▸ **PROMPT**:
Using the listing below, give again exactly the lines from the line with "Our MRI patient" to the line with "Front door entrance", inclusive, without the pictures.

▸ **INPUT RECORDS**:
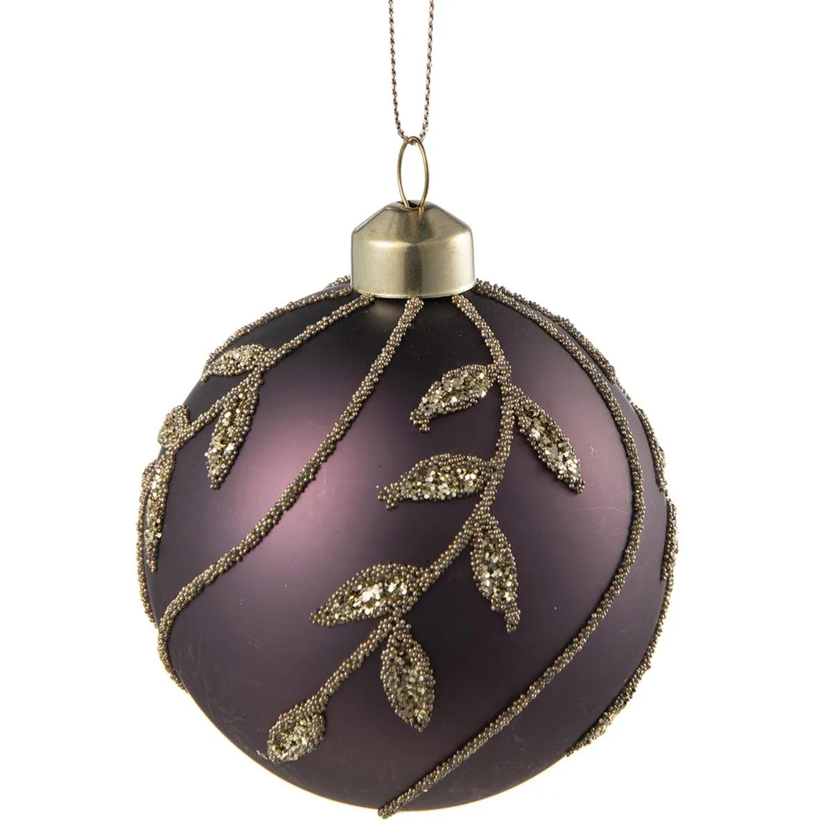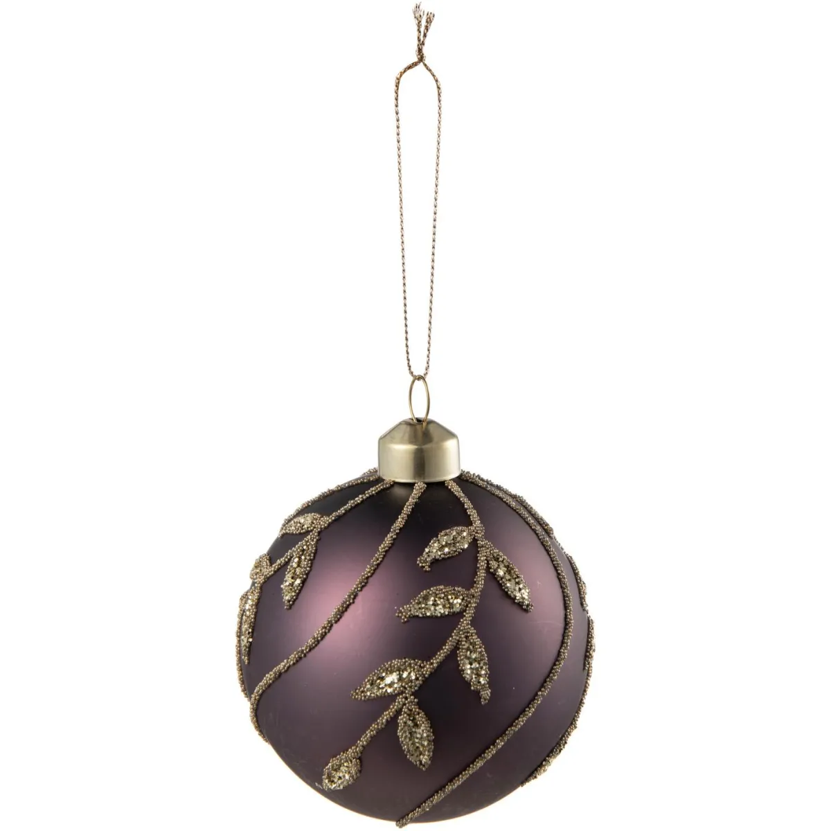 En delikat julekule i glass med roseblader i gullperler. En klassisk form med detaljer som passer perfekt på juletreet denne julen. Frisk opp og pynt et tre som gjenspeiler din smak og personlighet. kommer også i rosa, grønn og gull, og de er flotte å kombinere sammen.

==

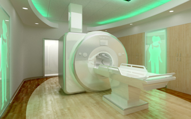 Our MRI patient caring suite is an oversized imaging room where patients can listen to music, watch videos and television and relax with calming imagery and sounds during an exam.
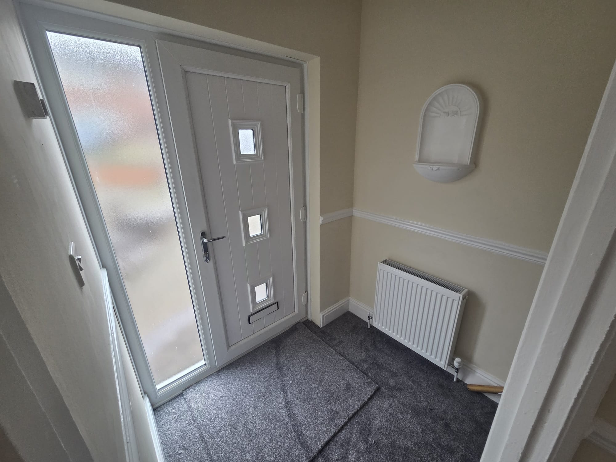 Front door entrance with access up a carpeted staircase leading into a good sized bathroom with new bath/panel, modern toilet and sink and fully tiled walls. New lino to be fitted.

▸ **PROBLEM SOLUTION**:
 Our MRI patient caring suite is an oversized imaging room where patients can listen to music, watch videos and television and relax with calming imagery and sounds during an exam.
 Front door entrance with access up a carpeted staircase leading into a good sized bathroom with new bath/panel, modern toilet and sink and fully tiled walls. New lino to be fitted.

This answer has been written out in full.